Allowing for the 90-day total investment horizon Micron Technology is expected to under-perform the Sarfati. In addition to that, Micron Technology is 2.66 times more volatile than Sarfati. It trades about -0.07 of its total potential returns per unit of risk. Sarfati is currently generating about 0.14 per unit of volatility. If you would invest  402,000  in Sarfati on September 28, 2024 and sell it today you would earn a total of  17,300  from holding Sarfati or generate 4.3% return on investment over 90 days.
Time Period3 Months [change]
DirectionMoves Against 
StrengthVery Weak
Accuracy90.0%
ValuesDaily Returns

Micron Technology  vs.  Sarfati

 Performance 
       Timeline  
Micron Technology 

Risk-Adjusted Performance

0 of 100

 
Weak
 
Strong
Very Weak
Over the last 90 days Micron Technology has generated negative risk-adjusted returns adding no value to investors with long positions. In spite of latest weak performance, the Stock's basic indicators remain stable and the newest uproar on Wall Street may also be a sign of mid-term gains for the firm private investors.
Sarfati 

Risk-Adjusted Performance

19 of 100

 
Weak
 
Strong
Solid
Compared to the overall equity markets, risk-adjusted returns on investments in Sarfati are ranked lower than 19 (%) of all global equities and portfolios over the last 90 days. Despite somewhat weak basic indicators, Sarfati sustained solid returns over the last few months and may actually be approaching a breakup point.
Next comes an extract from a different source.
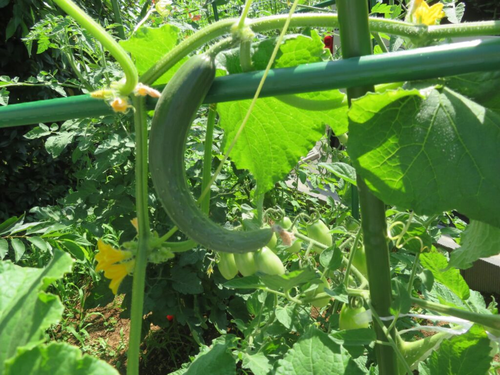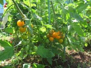 ミニトマトも赤いものと黄色のものがあり、大きい実を沢山付けていて毎日のように収穫できています。

Micron Technology and Sarfati Volatility Contrast

   Predicted Return Density   
       Returns  

Pair Trading with Micron Technology and Sarfati

The main advantage of trading using opposite Micron Technology and Sarfati positions is that it hedges away some unsystematic risk. Because of two separate transactions, even if Micron Technology position performs unexpectedly, Sarfati can make up some of the losses. Pair trading also minimizes risk from directional movements in the market. For example, if an entire industry or sector drops because of unexpected headlines, the short position in Sarfati will offset losses from the drop in Sarfati's long position.
The idea behind Micron Technology and Sarfati pairs trading is to make the combined position market-neutral, meaning the overall market's direction will not affect its win or loss (or potential downside or upside). This can be achieved by designing a pairs trade with two highly correlated stocks or equities that operate in a similar space or sector, making it possible to obtain profits through simple and relatively low-risk investment.
Check out your portfolio center.
Note that this page's information should be used as a complementary analysis to find the right mix of equity instruments to add to your existing portfolios or create a brand new portfolio. You can also try the Headlines Timeline module to stay connected to all market stories and filter out noise. Drill down to analyze hype elasticity.